New York's isn't the only U.S. jail system to struggle with violence and use-of-force issues.

Sheriff's deputies in Los Angeles County jails, the nation's largest, have recently been indicted for alleged crimes that included beating inmates and even jail visitors. The American Civil Liberties Union has monitored conditions there since 1985 and released a report in 2012 that found 11 inmates had facial bones broken by deputies between 2009 and 2011.

Comparisons to other penitentiaries are difficult to make. City jails in general are considered more dangerous than state or federal prisons, according to experts. And only 5 percent of the roughly 3,000 jails nationwide have 1,000 inmates or more, according to the Bureau of Justice Statistics. In a 2006 study of U.S. jail inmates based on 2002 data, the bureau found that 7 percent had been injured in a fight during their time behind bars.

Kip Kautzky, a national prisons expert who served as head of corrections in Iowa and Colorado, reviewed the New York City data and said the number of use-of-force injuries said to be caused by blows to the head appeared to be startlingly high.

"It just isn't a defensive tactic that is useful or should be allowed," he said.

The report's findings come as the U.S. Justice Department probes violence among adolescent inmates at Rikers, particularly those in a youth jail that houses 16- to 18-year-olds, according to three city officials who confirmed the inquiry on the condition of anonymity because they weren't authorized to discuss an ongoing investigation.

Adolescent inmates accounted for 754 of the verified injuries, according to the report. About 14 percent of them allegedly involved a correction officer. One of them likely included Aunray Stanford, who was 18 years old in May 2012 when, he alleges in a federal lawsuit, his skull was fractured and his face was cut when Rikers guards beat him at the youth jail. The city Law Department declined to comment on the ongoing lawsuit.

A spokeswoman for Manhattan federal prosecutors, who are conducting the investigation, declined to comment. The corrections department said it has cooperated with federal investigators.

Officers decide to use force based on perceived threats in real time, said Martin F. Horn, a former city correction commissioner.

Norman Seabrook, president of the city's 9,000-member correction officers' union, said correction officers should use "whatever force is necessary to terminate an aggression." Unlike police officers, correction officers "only have their hands and/or their batons to use," he said.
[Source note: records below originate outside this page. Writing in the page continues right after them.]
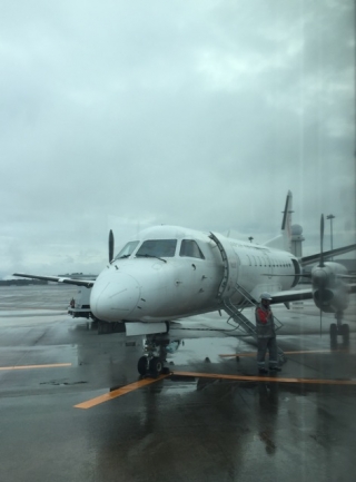 鹿児島→松山は、雨の中プロペラ機で移動。外タレっぽくてなかなかいいっしょ?
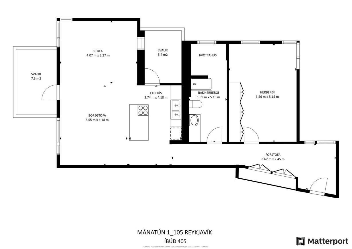 | 2 | 104,90 m² | 75.900.000 kr. 30. ágúst 2022 | 74.000.000 kr. 25. október 2022 |
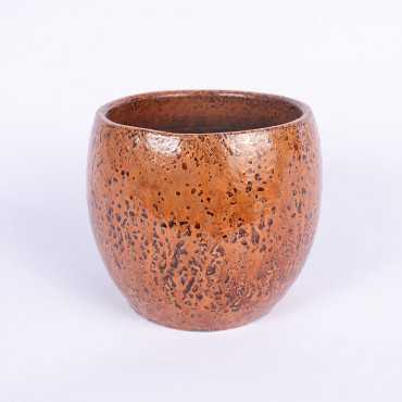 Osłonka ceramiczna w kolorze pomarańczowym, z widocznym wzorem w ciemnieszym odcieniu Nie posiada otworu, dlatego przy przesadzeniu roślin należy pamiętać o warstwie drenażowej np. keramzyt bądź umieścić roślinę w doniczce produkcyjnej.
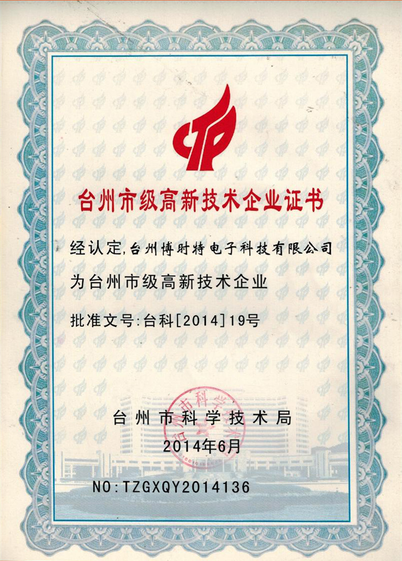 臺州市高新技術(shù)企業(yè)證書(shū)
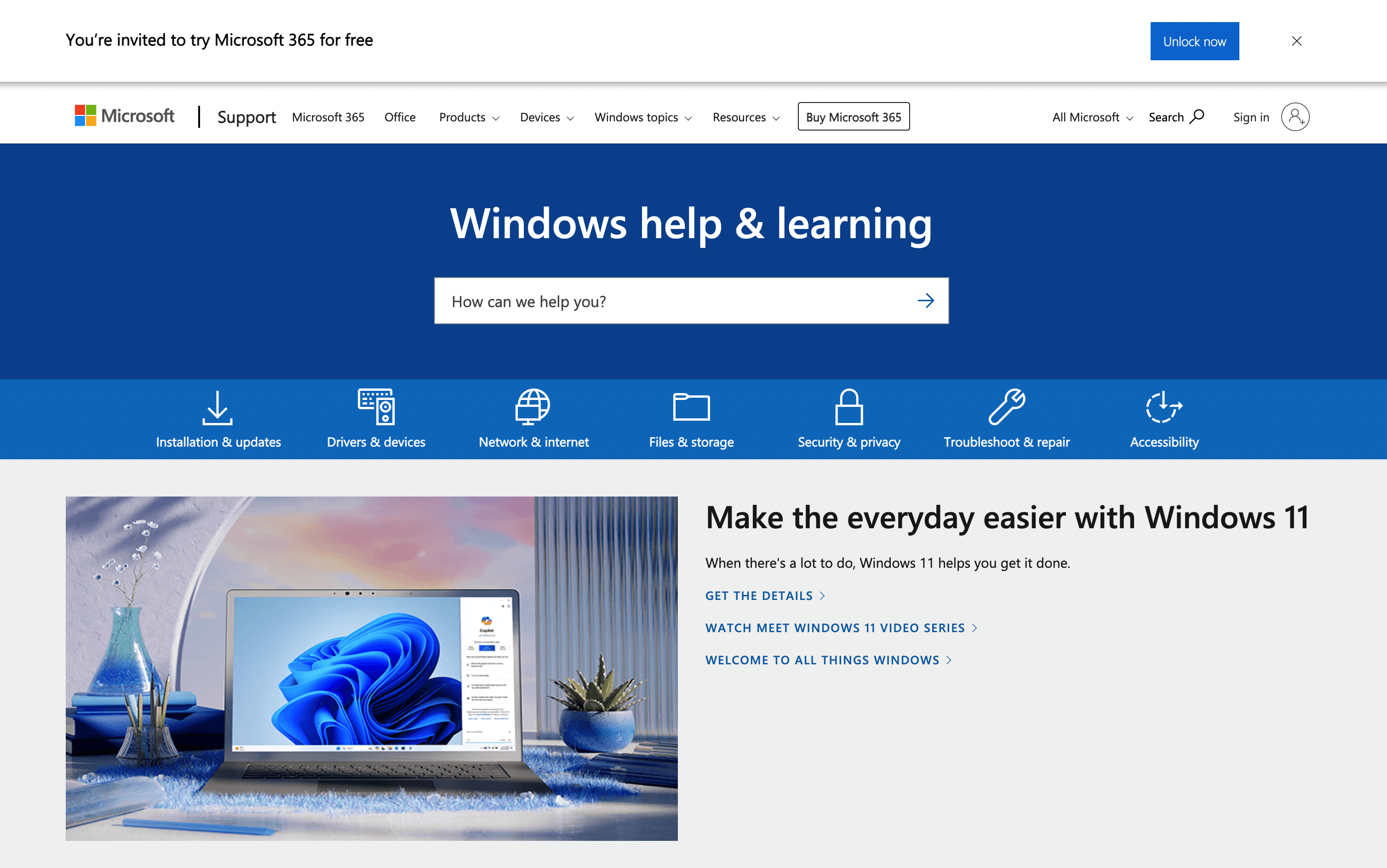 Appelez le support Windows :
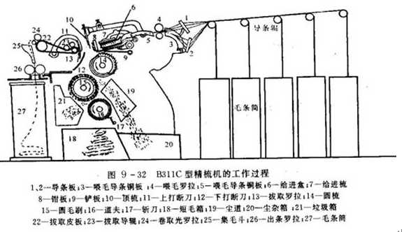 圖9—32為目前應用最廣泛的國產B311C型精梳機的工作過程簡圖。
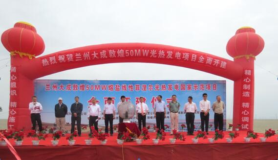 兰州大成敦煌一期5万千瓦熔盐线性菲涅耳式光热发电国家示范项目由兰州大成科技股份有限公司申报,经国家能源局批准(国能新能[2016]223号)入选国家光热发电首批示范项目,且已入选2017年甘肃省省列重大项目,是首批20个示范项目中唯一由甘肃省本土高新技术企业申报并提供核心技术及承担太阳能集热场建设任务的国家光热发电示范项目。项目由兰州大成投资,项目于2017年开工建设。2018年6月,兰州大成与中国电建集团中南勘测设计研究院有限公司签订EPC总承包后,开始全面建设,计划于2019年7月~9月份建成发电。(董清风 报道)
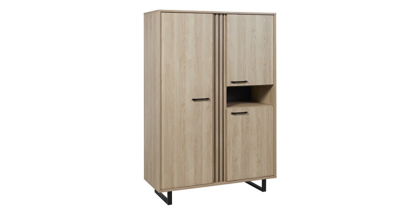 Le coloris chêne clair associé à des pieds en métal confère à ce meuble un look industriel chic, parfait pour une décoration contemporaine. Fabriqué en panneaux de particules haute densité et MDF de qualité, il est robuste et pensé pour durer dans le temps.
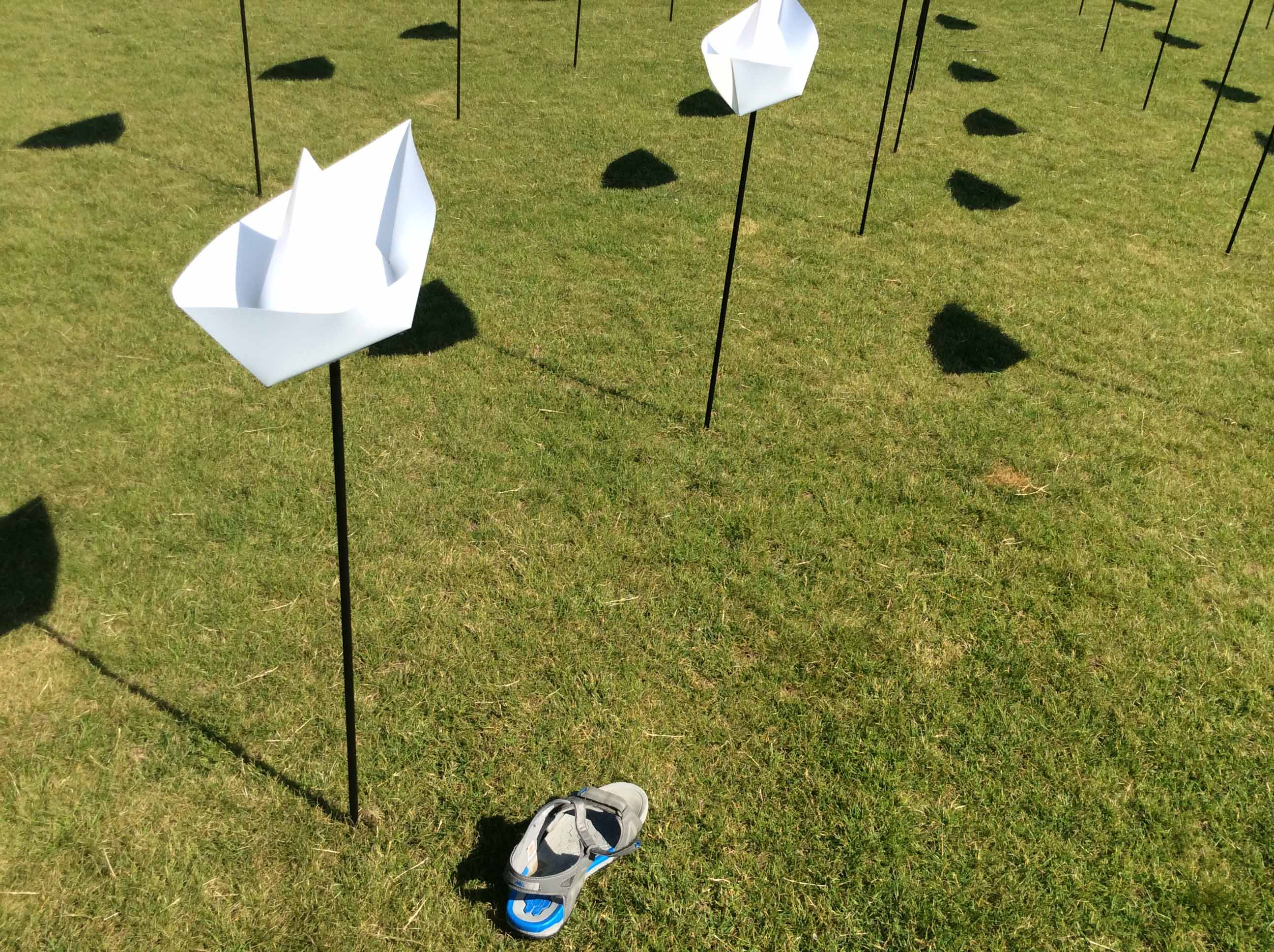 Coming nearer, I saw that they were paper boats, on three-foot stalks.

Corrections officers themselves are at risk of injury. Prison guards have one of the highest injury rates among all occupations, according to the U.S. Department of Labor.

Seabrook said chronic understaffing combined with rampant gang violence at Rikers, particularly among adolescents, has created an environment in which violence becomes hard to manage.

"Until you've had human feces thrown at you or have an inmate slash you with a razor ... you have no idea what we deal with," he said.